Williamson Williamson (Isaac N. Tuchman of counsel), for respondent.
Lauterstein Lauterstein (Henry W. Lauterstein, Steven D. Brown-Inz and William K. Sacks of counsel), for appellant.
Francis V. La Ruffa, Douglas J. Davidson and Diane Zwerling for Secretary of United States Department of Labor, amicus curiae.
Order entered May 29, 1978 (SHERMAN, J.) modified by granting petitioner's application for a turnover order and directing respondent to comply with petitioner's income execution only to the extent that the judgment debtor's disposable earnings are not diminished by more than 25%; as modified, affirmed, with $10 costs to the appellant.

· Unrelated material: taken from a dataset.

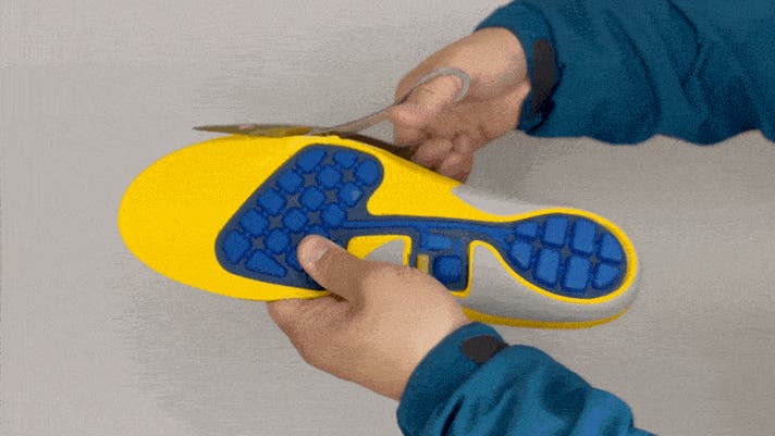 カット: お手持ちのインソールに合わせ、つま先部分をハサミでカットします。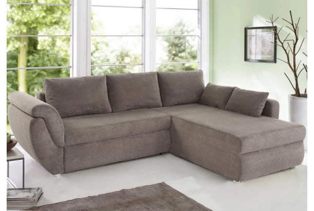 Zaoblená rohová sedacia súprava s príjemne mäkkými vankúšmi pre útulnú domácu pohodu. Vďaka funkcii rozkladu sa sedačka ľahko premení na lôžko pre príležitostné spanie. Otoman môžete univerzálne zmontovať na pravú alebo ľavú stranu – nájde tak ľahko miesto v akejkoľvek miestnosti. Očalúnená mäkkou štruktúrovanou látkou v odtieni šedo-hnedá taupe.

As we construe title III of the Consumer Credit Protection Act (US Code, tit 15, §§ 1671-1677), the maximum amount which may be garnished from the earnings of an individual for any workweek is 25% of his "disposable earnings" (i.e., after-tax earnings [see US Code, tit 15, § 1672, subd [b]), except in the case of an order for support, in which event the maximum is 50% of disposable earnings, and up to 60% where the individual receiving support is a spouse or dependent child (US Code, tit 15, § 1673). In the case before us, a payroll deduction order for support issuing out of the Family Court was served upon respondent (employer of petitioner's judgment debtor) long before the service of petitioner's 10% income execution (CPLR 5231, subd [b]). Since the order of support takes priority over the income execution (Personal Property Law, § 49-b), no amount may be withheld pursuant to that execution under the formula set forth in the Consumer Credit Protection Act unless, and except to the extent that, the support order does not absorb the 25% of the debtor's disposable earnings which is susceptible to garnishment (US Code, tit 15, § 1673, subd [a]; Marshall v District Ct. for Forty-First-b Judicial Dist. of Mich., 44 F. Supp. 1110).

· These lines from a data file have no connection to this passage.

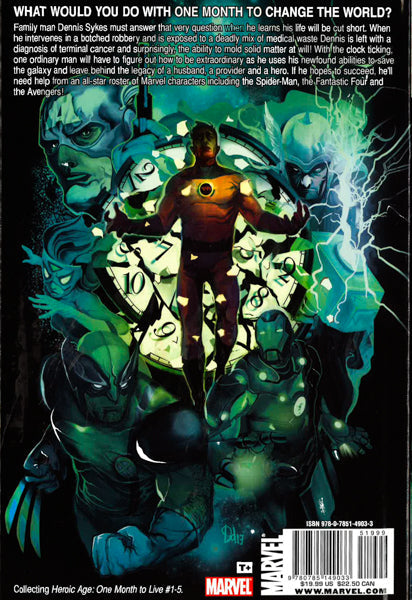 An all-star creative roster brings you an all-new Marvel event! In a world of unlikely heroes, Dennis Sykes is about to become the unlikeliest. He's a banker by day, struggling parent by night but when a tragic turn of events gives Dennis a 30 day death sentence, he discovers his accident comes with super-powers. And as the weeks in Dennis' life tick down, he sets out to leave a mark one way or the other even if he has to go through Spider-Man, the Fantastic Four and the Avengers to do it.Collecting: Heroic Age: One Month to Live #1-5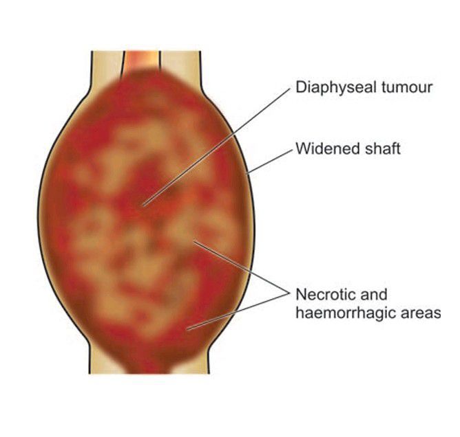 Ewing’s sarcoma. The tumour is largely extending into soft tissues including the skeletal muscle. Cut surface of the tumour is grey-white, cystic, soft and friable.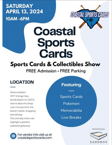 Coastal Card Fest is the ultimate collectibles experience—where the hobby comes alive. Dive into a high-energy show packed with live streaming, nonstop entertainment, surprise guest appearances, and endless tables of sports cards, TCG, comics, and so much more. Whether you’re a seasoned collector, a casual fan, or brand new to the scene, Coastal Card Fest brings the community together for unforgettable moments, exclusive finds, and the thrill of the chase—all under one roof. Don’t just collect it… experience it.

The above view of the Federal legislation is espoused by the Secretary of Labor, who is charged with the enforcement of its provisions (US Code, tit 15, § 1676), and whose interpretation, if not irrational or unreasonable, is to be accorded great weight (Matter of Howard v Wyman, 28 N.Y.2d 434, 438; Brennan v Kroger Co., 513 F.2d 961). Petitioner's contention that payroll deductions required under a support order should not be included when computing the percentage reduction of a debtor's disposable earnings is not an accurate reading of the language of the statute. The term "garnishment" is not restricted but includes any legal or equitable procedure through which the earnings of an individual are required to be withheld for payment of any debt — thus encompassing orders of support as well as ordinary creditor-debtor garnishments (see US Code, tit 15, § 1672, subd [c]). The cases relied upon by petitioner (e.g., Costa v Chevrolet-Tonawanda Div. of Gen. Motors Corp., 53 Misc.2d 252, affd 24 A.D.2d 732) antedate the passage of title III of the act, and are not controlling. This court is bound to give precedence to the provisions of the Federal statute (US Code, tit 15, § 1673, subd [c]), and we decide the case in a manner which will best further the manifest congressional purpose of maximizing a debtor's share of his own earnings.
Concur: RICCOBONO, J.P., and TIERNEY, J.; HUGHES, J., not participating.